Next, in the step of implanting the same kind of inactive ions into the polysilicon film 12a, as shown in FIG. 2B, a suitable amount of inactive ions that do not affect the electrical characteristics as the active layer is added to the polysilicon. By ion implantation into the film 12a, the film is converted into a homogeneous amorphous silicon film 12b. Examples of the inert ions that do not affect the electrical characteristics include Si + ions, and are implanted by, for example, an ion implantation apparatus. In addition, SiF3 + ions can also be used. The injection amount at this time can be adjusted so that a desired crystal grain size can be obtained after solid phase growth. In the present embodiment, the ion implantation amount is 4 × 10 ¹⁴ atoms / cm ^{2 and} the average crystal grain size of the polycrystalline silicon film after the solid phase growth is adjusted to be about 100 nm. The acceleration energy of Si + ions is set to 30 keV to 50 keV.

  Next, a mask is formed on the LDD formation region 23a located between the channel formation region 20a, the source formation region 21a, and the drain formation region 22a. That is, as shown in FIG. 2C, a mask 31 is formed with a resist on the LDD formation region 23a of the amorphous silicon film 12b where the LDD region 23 is to be formed later.

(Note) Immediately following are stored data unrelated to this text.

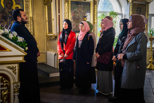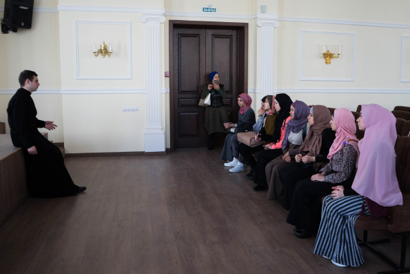 Студент I курса духовной семинарии Матвей Татаринов провел для гостей экскурсию по духовной школе. Учащиеся исламского института также посетили семинарский храм — о его устройстве и особенностях православного богослужения им рассказал проректор по воспитательной работе иеромонах Кирилл (Забавнов). Затем гости осмотрели учебные аудитории, библиотеку, актовый и спортивный залы, и посетили фотовыставку, посвященную Казанской иконе Божией Матери и Казанскому собору.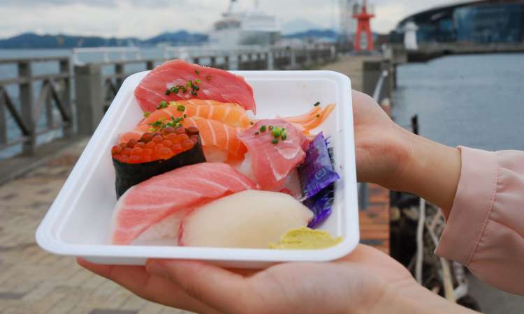 - ร้านซูชิที่ตลาดปลา มีร้านขายซูชิให้เลือกหลายระดับ มีความสดใหม่จากท้องทะเลโดยตรง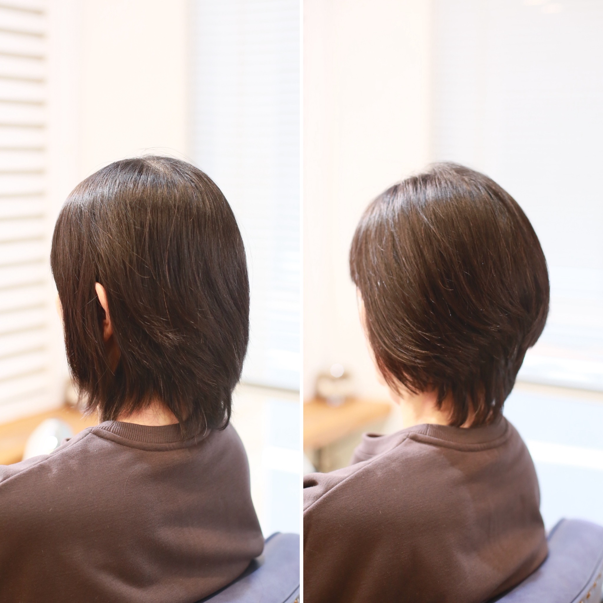 カットで髪質を見極めて施術を組み合わせることで、自然な丸みと首元の収まりを実現しています。

The step of implanting the same kind of inactive ions from the amorphous silicon film 12b in which the mask 31 is formed on the LDD formation region 23a is the next step. In this step, as shown in FIG. 2D, an appropriate amount of inactive ions that do not affect the electrical characteristics of the active layer is ion-implanted through the mask 31 into the amorphous silicon film 12b. Examples of the inert ions that do not affect the electrical characteristics include Si + ions, and are implanted by, for example, an ion implantation apparatus. In addition, SiF3 + ions can also be used. At this time, the sum of the implantation amount in this step and the implantation amount in the previous step (see FIG. 2C) provides a desired crystal grain size in a region other than the LDD region 23 and a peripheral transistor (not shown) after solid phase growth. Adjust as follows. In the present embodiment, solid phase growth is performed so that the sum of the implantation amount in the previous step (see FIG. 2C) and the implantation amount in the present step (see FIG. 2D) is about 1.2 × 10 ¹⁵ atms / cm ^2. The average crystal grain size of the subsequent polycrystalline silicon film is set to about 800 nm. The acceleration energy of this step (see FIG. 2D) is set to 30 keV to 50 keV as in the previous step (see FIG. 2C).

  Next, as a step of recrystallizing the amorphous silicon film 12b by heat treatment, the mask 31 is removed and solid phase growth is performed on the amorphous silicon film 12b by annealing at about 600 ° C. to 650 ° C. As shown in 2E, an active layer 12 formed into polycrystalline silicon is obtained.

  At this time, as shown in the figure, the portion where the mask 31 is not formed and the ion implantation amount is large is made larger than the polysilicon film 12a shown in FIGS. Is formed. Reference numeral 41 indicates a small particle size region formed at a location where the ion implantation amount is small, and the particle size is smaller than that of the large particle size region 40. Note that the large grain size region 40 coincides with the channel formation region 20a, the source formation region 21a, and the drain formation region 22a, and becomes the channel region 20, the source region 21, and the drain region 22 in a later process. On the other hand, the small particle size region 41 coincides with the LDD formation region 23a and becomes the LDD region 23 in a later process.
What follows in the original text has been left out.